> **Raw data**

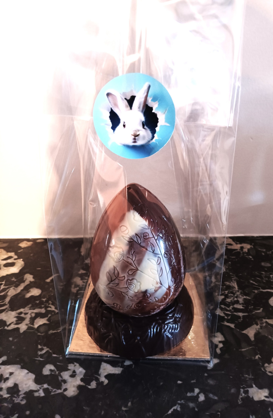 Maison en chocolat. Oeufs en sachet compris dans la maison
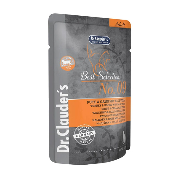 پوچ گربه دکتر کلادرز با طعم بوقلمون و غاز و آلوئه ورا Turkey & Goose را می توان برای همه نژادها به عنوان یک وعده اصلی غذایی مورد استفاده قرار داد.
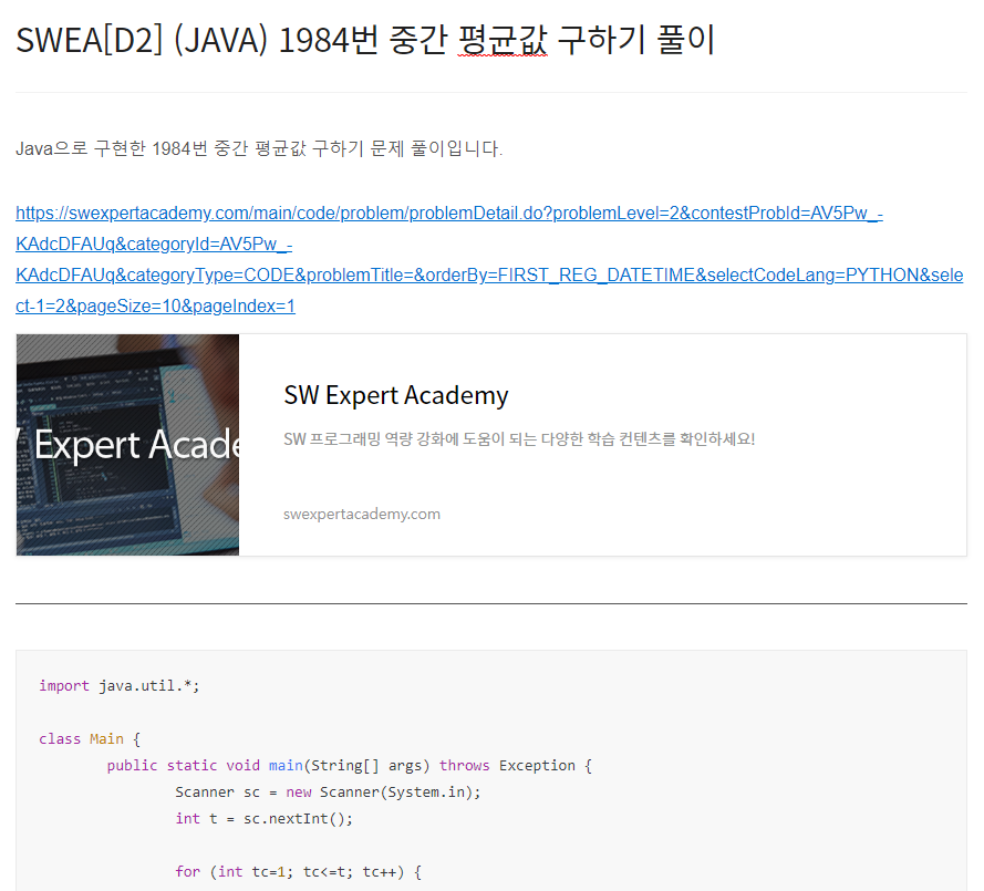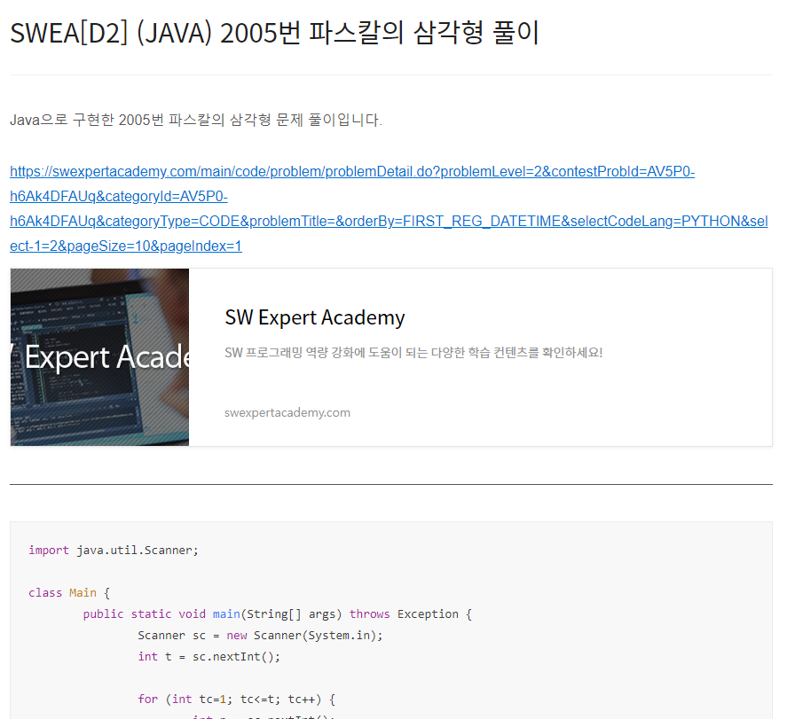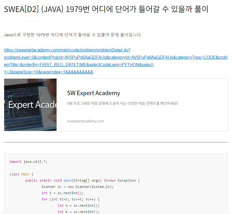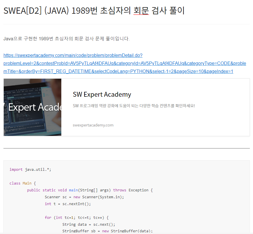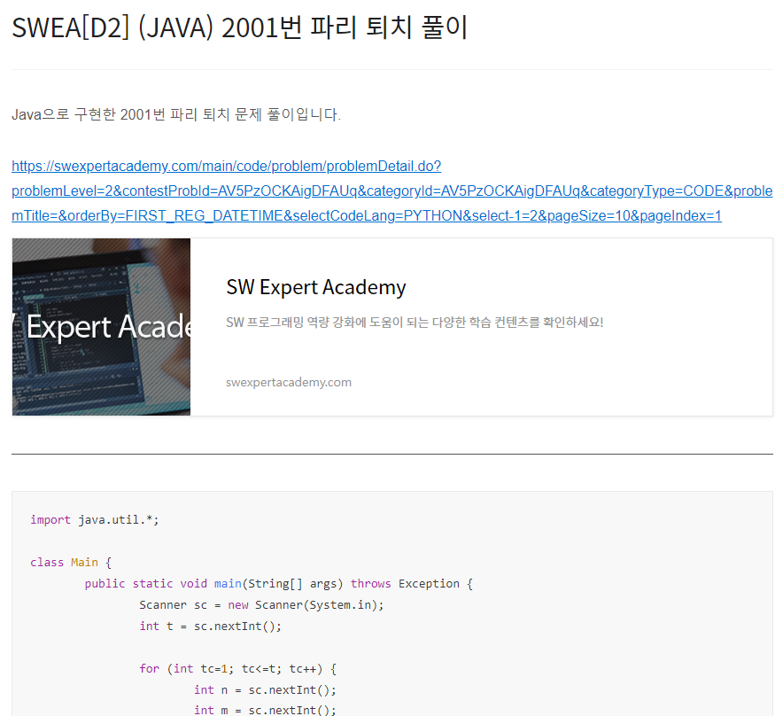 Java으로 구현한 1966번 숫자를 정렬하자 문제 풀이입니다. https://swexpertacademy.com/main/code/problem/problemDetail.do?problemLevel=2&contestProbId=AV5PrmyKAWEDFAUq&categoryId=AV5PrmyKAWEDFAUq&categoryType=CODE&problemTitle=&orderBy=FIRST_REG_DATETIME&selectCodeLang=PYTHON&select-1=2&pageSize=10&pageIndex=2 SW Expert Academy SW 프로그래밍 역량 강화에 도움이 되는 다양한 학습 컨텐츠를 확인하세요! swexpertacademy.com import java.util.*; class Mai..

> **Exercise details**
From the first line to the last, write out the data above exactly. Omit the pictures.

> **Answer to this problem**
 Maison en chocolat. Oeufs en sachet compris dans la maison
 پوچ گربه دکتر کلادرز با طعم بوقلمون و غاز و آلوئه ورا Turkey & Goose را می توان برای همه نژادها به عنوان یک وعده اصلی غذایی مورد استفاده قرار داد.
 Java으로 구현한 1966번 숫자를 정렬하자 문제 풀이입니다. https://swexpertacademy.com/main/code/problem/problemDetail.do?problemLevel=2&contestProbId=AV5PrmyKAWEDFAUq&categoryId=AV5PrmyKAWEDFAUq&categoryType=CODE&problemTitle=&orderBy=FIRST_REG_DATETIME&selectCodeLang=PYTHON&select-1=2&pageSize=10&pageIndex=2 SW Expert Academy SW 프로그래밍 역량 강화에 도움이 되는 다양한 학습 컨텐츠를 확인하세요! swexpertacademy.com import java.util.*; class Mai..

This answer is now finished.